* **DATASET EXCERPTS**:
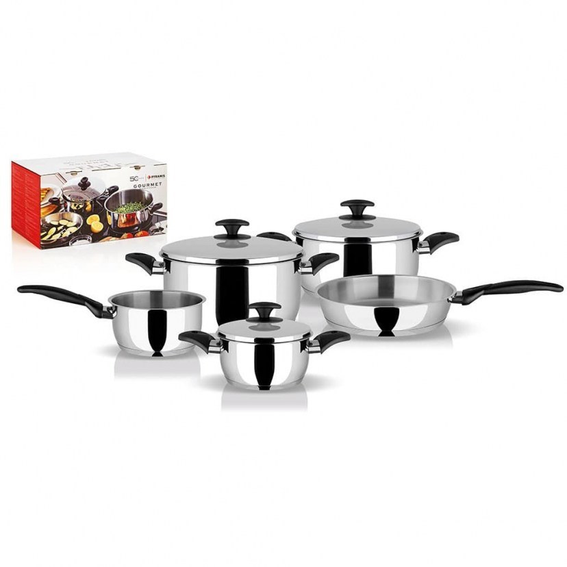 Το Σετ Μαγειρικών Σκευών Gourmet 015700901 περιλαμβάνει πέντε μαγειρικά σκεύη και τρία καπάκια. Πρόκειται για τρεις κατσαρόλες, ένα τηγάνι, μία γαλατιέρα και τρία καπάκια, από ανοξείδωτο υλικό 18/10, πάχους 0,7mm για το κυάθιο και 0,6mm για το καπάκι. Η τριπλή θερμοσυσσωρευτική βάση με φύλλο αλουμινίου πάχους 3,5-6mm και με μαγνητική κάψα 3mm από υλικό AISI 430, εγγυάται γρήγορο και οικονομικό μαγείρεμα, καθώς ο πάτος των σκευών ζεσταίνεται γρήγορα και διατηρεί τη θερμότητά του για μεγαλύτερο χρονικό διάστημα. Η κλίση του πάτου του σκεύους από το εξωτερικό προς το κέντρο, στο ιδανικό επίπεδο 10/1000, του εξασφαλίζει την τέλεια εφαρμογή του στις εστίες και μηδενικό σκέβρωμα. Φέρουν βακελιτικά χερούλια, θερμομονωτικά μέχρι και τους 220° C. Διαθέτουν ανοξείδωτα καπάκια με λειτουργικές καμπύλες, οι οποίες επιτρέπουν την καλύτερη κυκλοφορία των ατμών μέσα στα σκεύη. Είναι κατάλληλα για όλους τους τύπους εστιών: ηλεκτρικές, κεραμικές, γκαζιού και επαγωγικές.
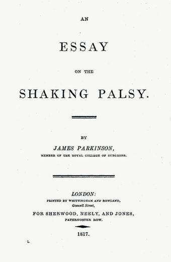 (Hoxton, Middlesex, Inglaterra, Reino Unido, 11-IV-1755 — Londres, Reino Unido, 21-XII-1824). Médico británico.Página de título (frontispicio) de la obra fundamental de James Parkinson en 1817, "An ...
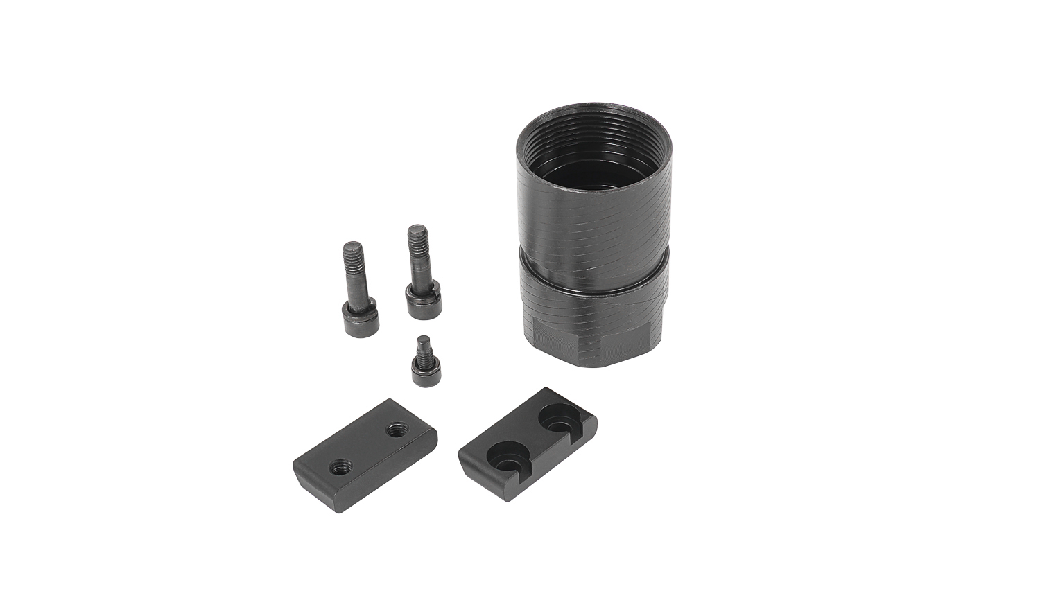 The KMX Series uses the FREELOK Clamping System (US. PAT. NO. 9,389,043 B1). Includes a non-indexing barrel nut and clamping system (FREELOK) that utilizes free floating tabs to secure the rail to the receiver. FREELOK provides both frictional and mechanical locking forces to create a rock-solid bond between the rail and barrel nut.
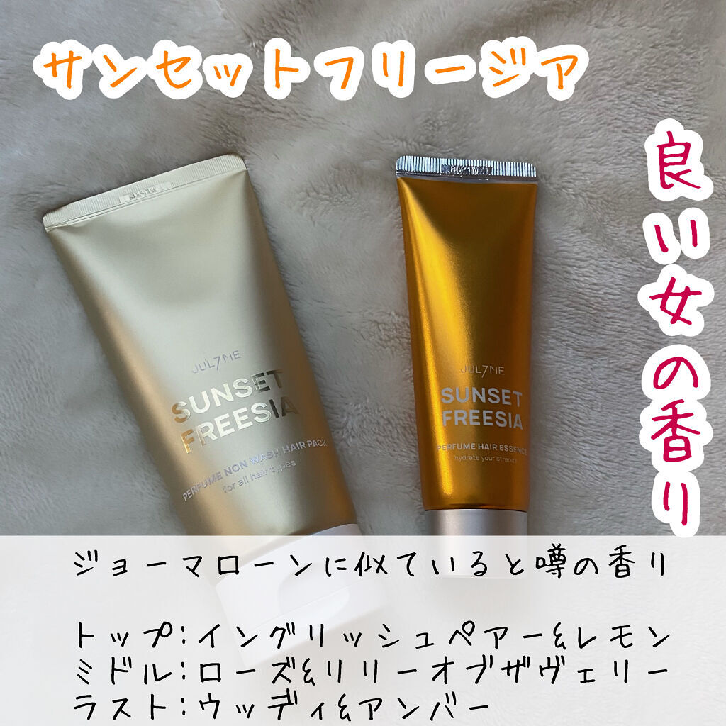 香水のような濃密な香りで、毎日のヘアケアにプラスで使うことで香りと同時にサラサラ髪も手に入れれます! オイルのようなベタつきも感じさせないので、オイルのベタつきが苦手な人におすすめします! 水分がタップなので、髪の毛のバサバサ感が無くなって綺麗にまとまるので好きです!!!
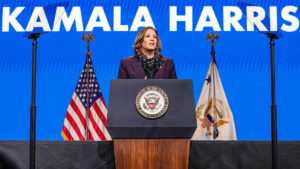 Durante un mitin en la ciudad de Georgia (Atlanta), la candidata demócrata a la presidencia de EE.UU., Kamala Harris, arremetió
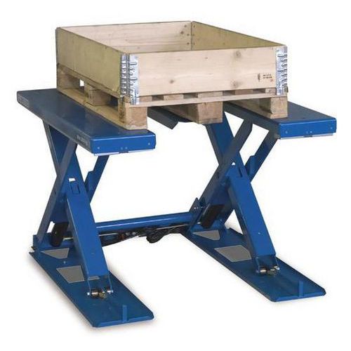 - Az E alakú max. 1000 kg teherbírású hidraulikus asztal a raklapkocsival való megközelítésre és a raklapok emelésére tervezték.

* **WORK TO BE COMPLETED**:
When you reach the line containing "Durante un mitin" in the entries above, please retype it and each line after it through the last one, exactly, without the pictures.

* **COMPLETED TASK**:
 Durante un mitin en la ciudad de Georgia (Atlanta), la candidata demócrata a la presidencia de EE.UU., Kamala Harris, arremetió
 - Az E alakú max. 1000 kg teherbírású hidraulikus asztal a raklapkocsival való megközelítésre és a raklapok emelésére tervezték.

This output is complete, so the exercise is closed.